The Darts library is a powerful tool for time series analysis and forecasting in Python. Here’s an overview of how you can use Darts for these tasks:

  1. Data Preparation: Prepare your time series data. Darts works with pandas DataFrames or Darts TimeSeries objects. Ensure that your data is organized with a suitable time index and the corresponding values.

  2. Time Series Visualization: Use the plotting functions provided by Darts to visualize your time series data. You can plot the entire time series or specific segments, and customize the plot appearance to highlight important features.

  3. Time Series Modeling: Darts offers a wide range of time series models for forecasting. Some popular models include AutoARIMA, Exponential Smoothing, Prophet, and LSTM. Choose a model based on your requirements and fit it to your training data using the fit() method.

  4. Forecasting: Once the model is fitted, you can use it to make forecasts. Use the predict() method to generate future predictions based on the trained model. You can specify the number of steps ahead to forecast.

  5. Model Evaluation: Assess the performance of your forecasts using evaluation metrics provided by Darts, such as Mean Absolute Error (MAE), Mean Squared Error (MSE), or Mean Absolute Percentage Error (MAPE).

  6. Visualization and Analysis: Visualize the original time series, the forecasts, and the evaluation results using the plotting functions in Darts. Analyze the accuracy of the forecasts and make adjustments to the model or hyperparameters if needed.

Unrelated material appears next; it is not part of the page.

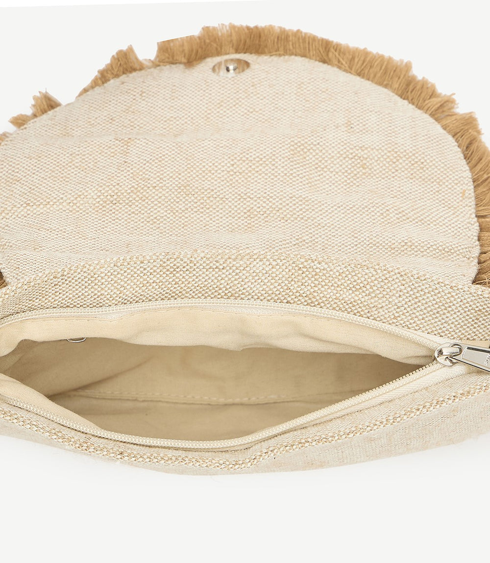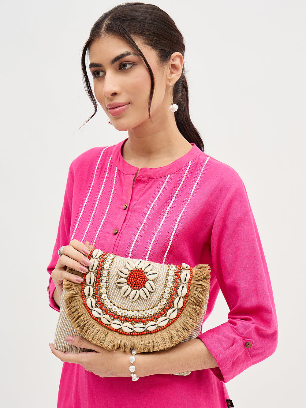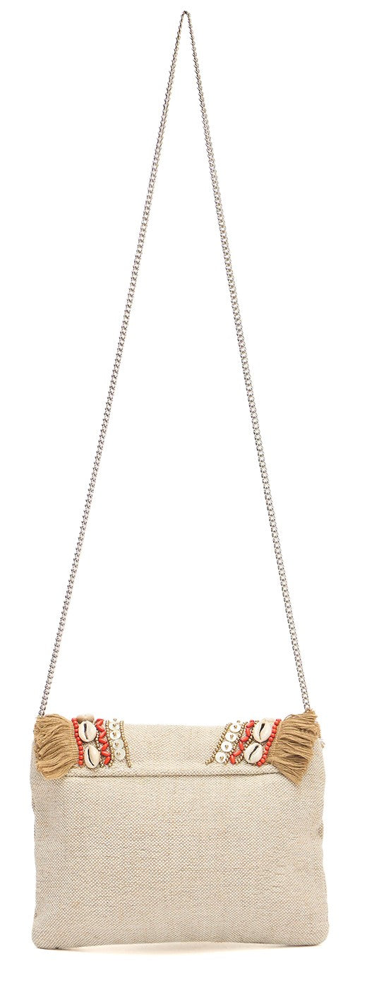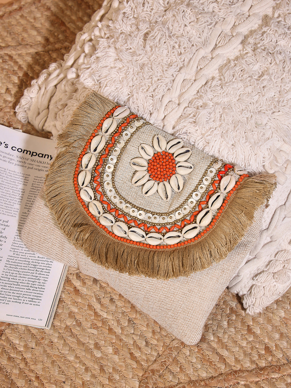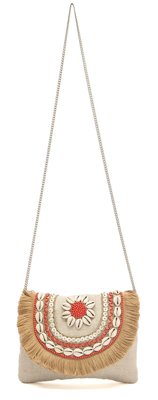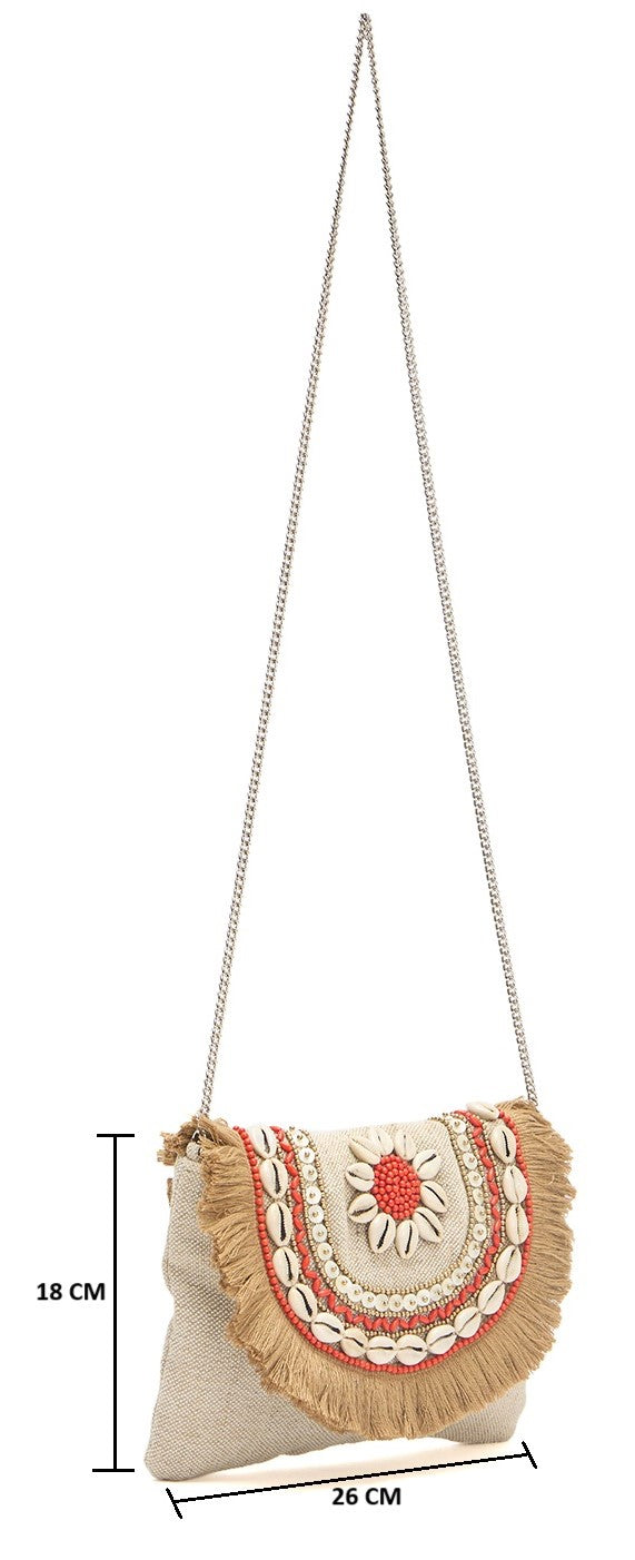 • DESIGN ELEMENTS: Beautiful bohemian-style crossbody bag featuring decorative shells, coral beading, and natural fringe details on a beige canvas base

Darts also provides additional functionality for time series decomposition, anomaly detection, and feature engineering. You can refer to the Darts documentation and examples for more detailed usage instructions and code samples.

15.7.1 How to use#

To use the Darts Python library for time series analysis and forecasting, you can follow these steps:

  1. Install Darts: Start by installing the Darts library using pip, a package manager for Python. Open a terminal or command prompt and run the following command:

    pip install u8darts
    
  2. Import the necessary modules: Once Darts is installed, import the required modules in your Python script or notebook:

    from darts import TimeSeries
    from darts.models import Prophet
    from darts.dataprocessing.transformers import Scaler
    from darts.metrics import mape
    
  3. Load and preprocess your time series data: Load your time series data into a Darts TimeSeries object. The TimeSeries class provides various methods for loading data from different sources, such as CSV files, pandas DataFrames, or NumPy arrays. Here’s an example of loading data from a CSV file:

    series = TimeSeries.from_csv('your_data.csv', sep=',', parse_dates=True, index_col='timestamp', value_col='value')
    

    You may need to adjust the arguments depending on your data format.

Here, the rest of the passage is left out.